[Extracted records]
»»
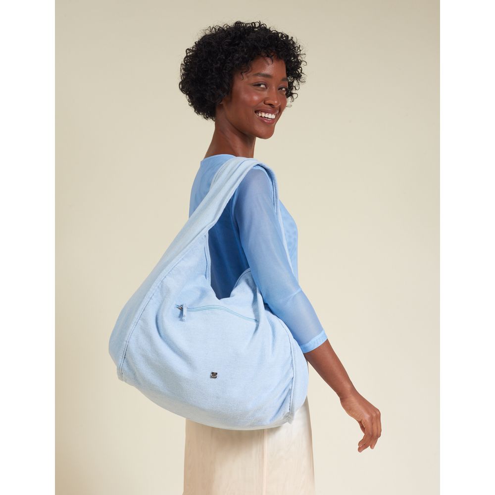 Bolsa em jeans com detalhe de debrum e drapeado lateral. Fechamento em zíper e bolso externo. Medidas: 28cm (A) x 39cm (L) x 30cm (P). Estilo urbano e ideal pra quem gosta de sair carregando o mundo por aí.
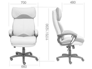 Характеристики: <br> Материал крестовины: пластик.<br> Диаметр крестовины: 660 мм.<br> Материал подлокотников: пластик с мягкими накладками.<br> Материал колес: полиуретан.<br> Механизм регулировки высоты: газлифт.<br> Механизм качания: с фиксацией в любом положении.<br> Регулируемая высота сиденья: 510-570 мм.<br> Габариты сиденья (ШхГ): 530 х 480 мм.<br> Максимальная нагрузка: 120 кг.<br> None Страна производства: Китай
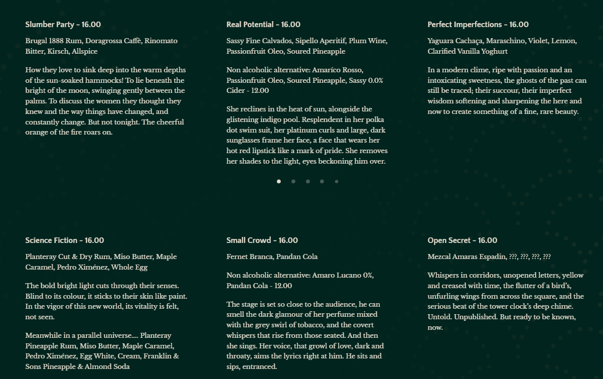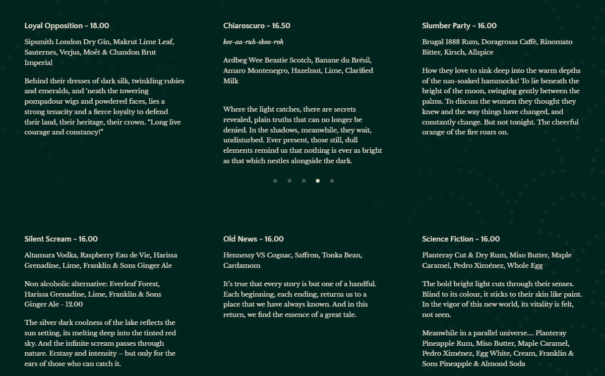 A hidden gem of a basement nestled under Kingly Court between Carnaby Street and Beak Street, Disrepute (D.R.P.) will welcome guests with warm hospitality and impeccable service. Offering an expertly curated drinks menu, where established ideas meet modern thinking, cocktail lovers are well looked after while a luxurious collection of spirits and an extensive wine list will appeal to the discerning and the adventurous alike. Cocktails are presented as a series or short stories, invoking the characters and events from Soho's heydays. Choose by the story that connects with you the most or simply skip to the appendix for a straight up account of each drink.
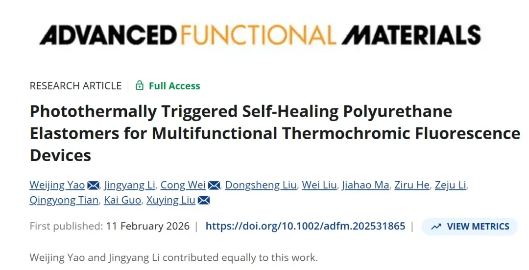 2026年2月11日,郑州大学姚伟睛副研究员、魏从副教授以及刘旭影教授团队在Advanced Functional Materials上发表了题为“Photothermally Triggered Self-Healing Polyurethane Elastomers for Multifunctional Thermochromic Fluorescence Devices”的研究成果。本研究提出一种光响应自修复以及变色荧光材料。通过在聚氨酯基体中引入光热转换材料以及温度响应变色荧光材料,实现光触发自愈合以及荧光变色。该体系展现了光热系统在信息防伪与先进光学器件中的应用潜力。
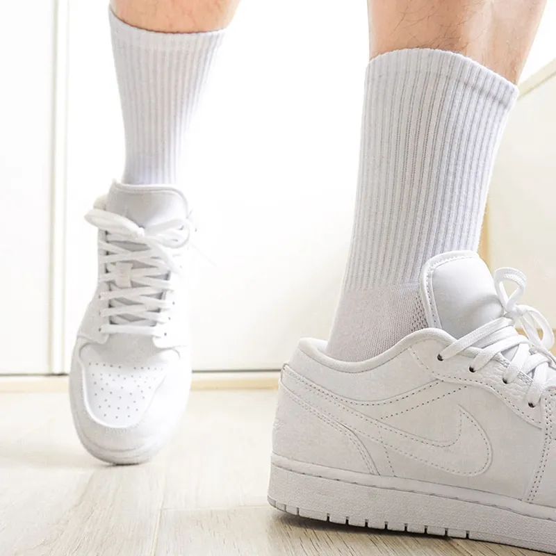 These white ribbed crew socks are engineered for enhanced fit, comfort, and everyday reliability.
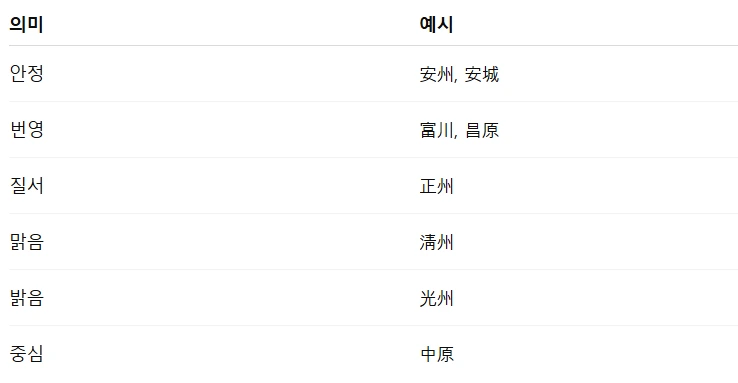 - 한자 의미 중심의 보편 지명
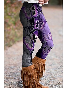 Women's Leggings Vacation Vintage Ethnic Style Full Length High Waist Graphic Butterfly 3D Print Quick Dry Breathability Soft High Elasticity Outdoor Home Causal Yellow Blue Purple Green Fall Slim Fit
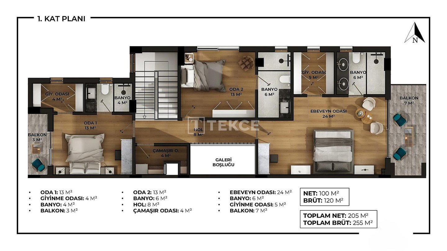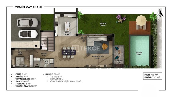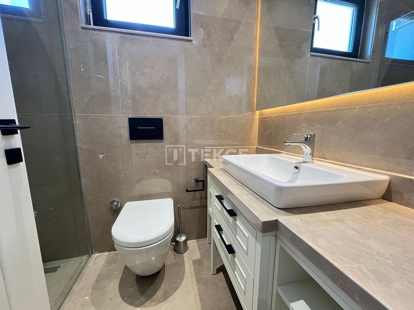 Villa mit privatem Garten und Pool in Döşemealtı, Antalya & 13 Döşemealtı in Antalya ist ein prestigeträchtiger Stadtteil, der für seinen ruhigen Lebensstil, seine saubere Luft und seine von Villen geprägten Wohngebiete bekannt ist, obwohl er in der Nähe des Stadtzentrums liegt. Mit seiner geringen Bebauungsdichte, den breiten Straßen und der naturfreundlichen Atmosphäre bietet er ein ideales Wohnumfeld für diejenigen, die Einfamilienhäuser und Residenzen in Wohnanlagen bevorzugen an. In den letzten Jahren hat Döşemealtı mit seinen Entwicklungsprojekten und seinem steigenden Investitionswert Aufmerksamkeit erregt, was es sowohl für das Wohnen als auch für Immobilieninvestitionen attraktiv macht. & 13 Die Villa zum Verkauf in Antalya befindet sich 150 m von der Bushaltestelle, 3,2 km vom Orfe Ferienort, 6 km vom Güver-Wasserfall, 8,4 km vom Antalya Stadtkrankenhaus, 9,2 km von der Antalya Wissenschaftsuniversität, 12,2 km vom Özdilek Einkaufszentrum, 15,4 km vom MarkAntalya-Einkaufszentrum, 16,4 km vom Konyaaltı-Strand, 19,8 km von Kaleiçi (Altstadt) und 29,4 km vom Flughafen Antalya entfernt. & 13 Das Projekt, in dem sich die Villa befindet, umfasst insgesamt 14 Villen. Die Villa verfügt über einen eigenen Eingang, einen offenen Parkplatz für zwei Autos, einen separaten Garten, eine Gartenterrasse, einen privaten Pool und ein zentrales Satelliten-TV-System. & 13 Die Villa mit 4 Schlafzimmern umfasst ein Wohnzimmer, eine offene Küche, 3 Badezimmer en suite, 1 Gemeinschaftsbad, 2 Ankleidezimmer, eine Waschküche, eine Terrasse und 2 Balkone. & 13 Die Villa ist mit Ausstattungsmerkmalen versehen, die den Komfort erhöhen, darunter eine zentrale Klimaanlage im Wohnzimmer und in der Küche, eine Klimaanlageninfrastruktur in allen Zimmern, eingebaute Küchengeräte, Fußbodenheizung, eine Garderobe und LED-Beleuchtung.& 13 AYT-04887
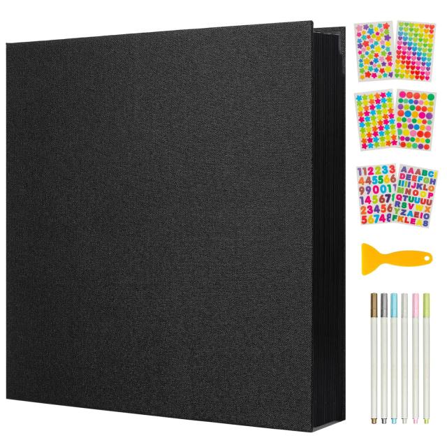 【商品仕様】アルバムサイズ:27*28*3CM 黒台紙サイズ:23*27CM(20枚/40ページ)梱包内容:写真アルバム×1冊+カラーペン×6本+デコシート×6枚+スクレーパー×1個
««
→ Task objective: Give the lines again exactly, starting where the entries begin and stopping once the line with "Women's Leggings Vacation" is included; pictures are not copied.

→ Reply to the task:
 Bolsa em jeans com detalhe de debrum e drapeado lateral. Fechamento em zíper e bolso externo. Medidas: 28cm (A) x 39cm (L) x 30cm (P). Estilo urbano e ideal pra quem gosta de sair carregando o mundo por aí.
 Характеристики: <br> Материал крестовины: пластик.<br> Диаметр крестовины: 660 мм.<br> Материал подлокотников: пластик с мягкими накладками.<br> Материал колес: полиуретан.<br> Механизм регулировки высоты: газлифт.<br> Механизм качания: с фиксацией в любом положении.<br> Регулируемая высота сиденья: 510-570 мм.<br> Габариты сиденья (ШхГ): 530 х 480 мм.<br> Максимальная нагрузка: 120 кг.<br> None Страна производства: Китай
 A hidden gem of a basement nestled under Kingly Court between Carnaby Street and Beak Street, Disrepute (D.R.P.) will welcome guests with warm hospitality and impeccable service. Offering an expertly curated drinks menu, where established ideas meet modern thinking, cocktail lovers are well looked after while a luxurious collection of spirits and an extensive wine list will appeal to the discerning and the adventurous alike. Cocktails are presented as a series or short stories, invoking the characters and events from Soho's heydays. Choose by the story that connects with you the most or simply skip to the appendix for a straight up account of each drink.
 2026年2月11日,郑州大学姚伟睛副研究员、魏从副教授以及刘旭影教授团队在Advanced Functional Materials上发表了题为“Photothermally Triggered Self-Healing Polyurethane Elastomers for Multifunctional Thermochromic Fluorescence Devices”的研究成果。本研究提出一种光响应自修复以及变色荧光材料。通过在聚氨酯基体中引入光热转换材料以及温度响应变色荧光材料,实现光触发自愈合以及荧光变色。该体系展现了光热系统在信息防伪与先进光学器件中的应用潜力。
 These white ribbed crew socks are engineered for enhanced fit, comfort, and everyday reliability.
 - 한자 의미 중심의 보편 지명
 Women's Leggings Vacation Vintage Ethnic Style Full Length High Waist Graphic Butterfly 3D Print Quick Dry Breathability Soft High Elasticity Outdoor Home Causal Yellow Blue Purple Green Fall Slim Fit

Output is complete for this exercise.